Park People’s February 2021 survey of Canadian community park groups found that the top two challenges reported by groups are financial insecurity and communication with the city. However, some cities have raised the bar during COVID-19 by initiating creative new programs that bolster the work of community groups—supports that will be essential to continue beyond the pandemic.

  • Waterloo introduced pandemic mini grants to support COVID-safe resident-led events like art installations and outdoor games, as well as a block connectors program to strengthen relationships between neighbours.
  • Regina launched a $25,000 winter grants program to support community-led activities to bring people outdoors in the colder months.

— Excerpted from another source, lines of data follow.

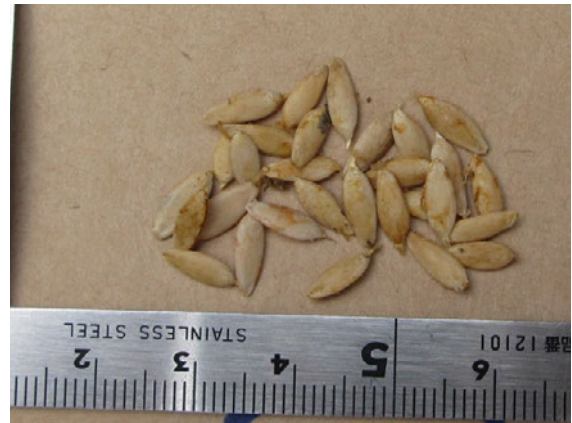
Photo 12. No. 26 cucumber seeds at Hua Tat village, Son La
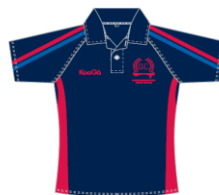
Standard Polo $35

Embroidered brushed cotton baseball cap, with the club's 75th Anniversary logo on the front in red. One size fits all. (Photo is sample only)
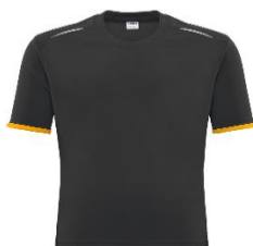
Round Neck T-shirt
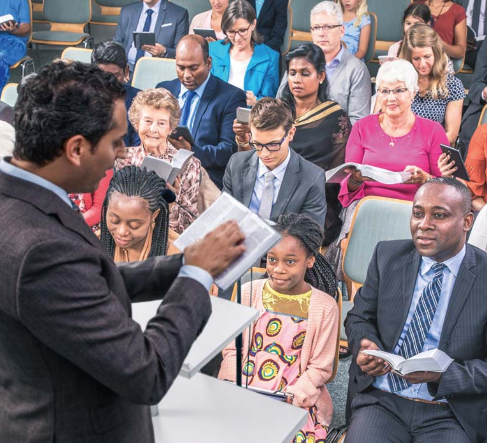
Waraga ma lukwena gucoyo ocuko cwiny Lukricitayo i cencwari me acel, dok pud cuko cwinywa wa i kare-ni (Nen paragraf 12-17)

pa Yecu. Buk ma en ocoyo-ni ocuko cwiny Lukricitayo pi mwaki miya ma-pol dok pud medde ki cuko cwinywa i kare-ni. Me labolle, i Jiri pa Jon keken aye wakwano lok pa Yecu ni mar aye gin ma nyuto Lukricitayo me ada. — Kwan Jon 13:34, 35.
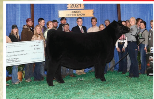
RATLIFF HOWBOUTIT RIVERSTONE CHARMED DAUGHTER SUPREME JUNIOR FEMALE, 2021 NAILE FULL SIB TO LOTS 5 & 6
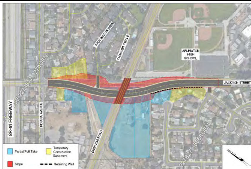
Jackson Street Grade Separation – Alternative 2
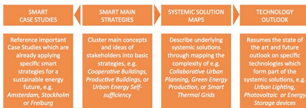
Fig. 2: R4E Desk study structure

These desk studies include the following 4-step approach in order to structure knowledge and give consistent future outlooks on technologies related to smart energy strategies of cities (Figure 2).
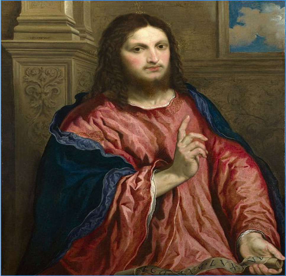
Christ as ‘The Light of the World’ (The National Gallery, London), Paris Bordone , abt 1550

Through our Lord Jesus Christ, who lives and reigns with you in the unity of the Holy Spirit, one God, for ever and ever. Amen.
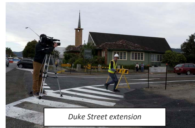
Duke Street extension
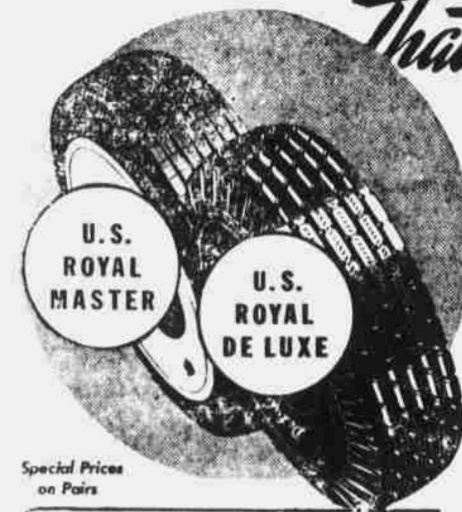
Special Prices on Pairs

BE SAFER—SAVE MONEY RIDE ON THESE World-Famous U.S. SAFETY TIRES
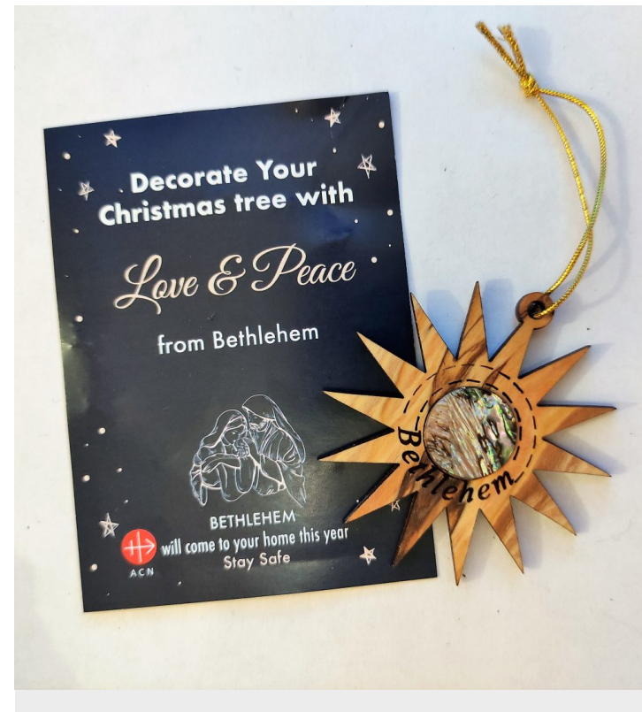
Bethlehem Star with Mother of Pearl Tree Ornament

To reserve your individual/group places please click here . Representatives of African communities especially welcome. If you are at a distance there will be a livestream of the Mass available.
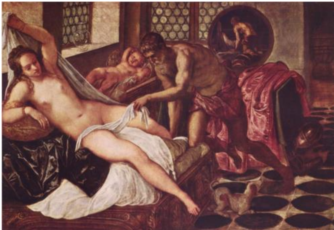
Figure 16. Tintoretto (Jacopo Comin Robusti), Mars and Venus Surprised by Vulcan (ca. 1553, Munich, Alte Pinakothek).

  • Edmonton piloted a pop-up community garden program that saw 29 new community-managed gardens added to the city to address food insecurity during COVID-19—a program that will expand in 2021.
  • Winnipeg created a new wellness grant in 2020 for community groups to put on activities that allow residents to connect safely to improve emotional, physical, and spiritual health during COVID-19.
  • Laval created a new grant to support community organizations during COVID-19, which has offered over $18 million to more than 50 organizations focused on recreation, sport, social development and the outdoors.
  • Prince Albert supported local community organizations during the pandemic, including partnering with a local cross-country ski club to offer a free skiing experience at Little Red River Park, working with local Indigenous groups to provide educational opportunities through pre-packaged craft kits, and collaborating with a local cycling club on an outdoor bike skills park.